How to Become a Data Provider Miner on Desearch (A Developer Guide)
    AI Development

    How to Become a Data Provider Miner on Desearch (A Developer Guide)

    10 min read

    Want to join Desearch as a data provider miner? Here's what you need to know.

    Mining on Subnet 22 is not about passive income - it's a hands-on engineering challenge. You'll compete to deliver high-quality search results by scraping and summarizing data from platforms like Twitter, Reddit, and Google. Validators score your performance, and rewards are distributed based on how well you outperform others.

    What a Data Provider Miner Does

    The Miner's Core Responsibilities

    Mining on Subnet 22 is all about delivering top-notch results while constantly improving your system. As a miner, your job revolves around handling real-time search queries. When a validator sends out a query, your system steps in to gather, process, and return structured data.

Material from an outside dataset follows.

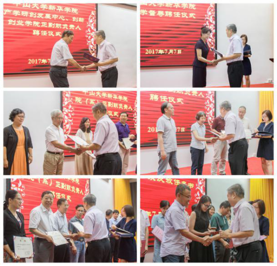 王庭槐校长(左一)为产学研创发展中心、创新创业学院正副职负责人颁发聘书 李波摄
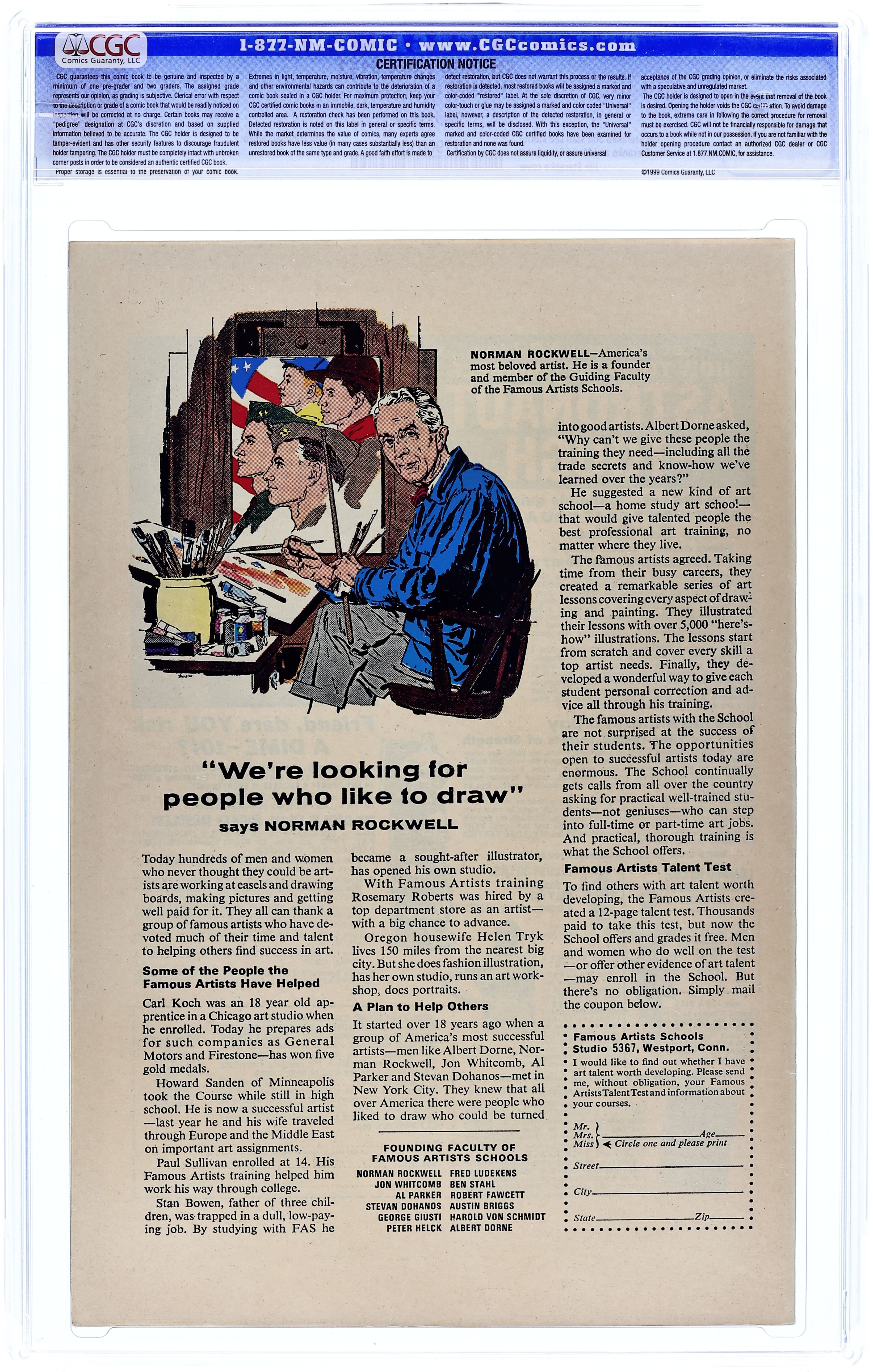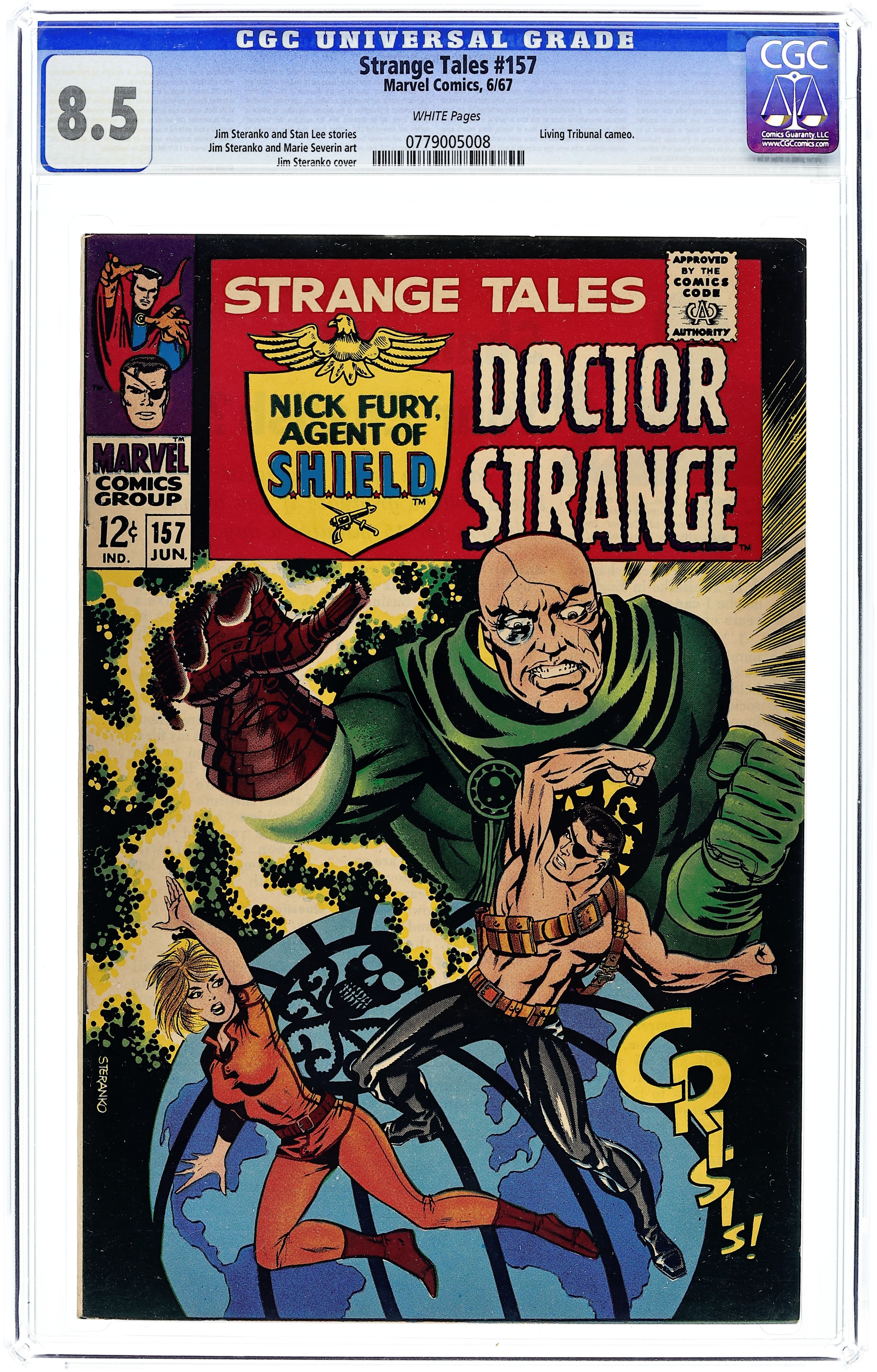 Ended Oct 15 2025 Bid History 23 bids Winning Bid $380 Cover art by Jim Steranko. Nick Fury stars in "Crisis!", script and art by Jim Steranko; Strucker announces that the impregnable dome over Hydra Island will keep them safe from the "Death Spore" plague, and plans to use Fury's body as the basis for an army of HYDRA androids to "police" the world, once he's dead from the Alpha Ray beam; But Fury escapes!; As SHIELD searches the Heli-Carrier for the bomb with no result, Fury, "playing it by ear", takes on one group of HYDRA thugs after another, until Strucker faces him one-on-one. "The End of the Ancient One!", script by Stan Lee and Marie Severin (co-plot), pencils by Marie Severin, inks by Herb Trimpe; In order to pass his powers onto his disciple, The Ancient One allows Zom to defeat him; Before Strange's eyes, his mentor is fused with one of the giant rocks at Stonehenge, but not before he utters a warning; A battle ensues; First appearance of the Living Tribunal. Merry Marvel Marching Society info and coupon. 36 pgs., full color. Cover price $0.12. Grade: CGC 8.5 explanation of grade Condition: Used (collectible)

This involves scraping and indexing platforms like X (formerly Twitter), Reddit, Google, YouTube, Arxiv, and general web content.

    Your role breaks down into three main tasks:

    • First, retrieve the top 10 relevant tweets that address the query.
    • Second, summarize the raw data using language models, turning it into clear, actionable insights instead of just dumping links.
    • Third, analyze metadata - such as timestamps and engagement metrics - to provide additional context.

    The goal is to build a system that not only handles these tasks well but also consistently outshines competitors.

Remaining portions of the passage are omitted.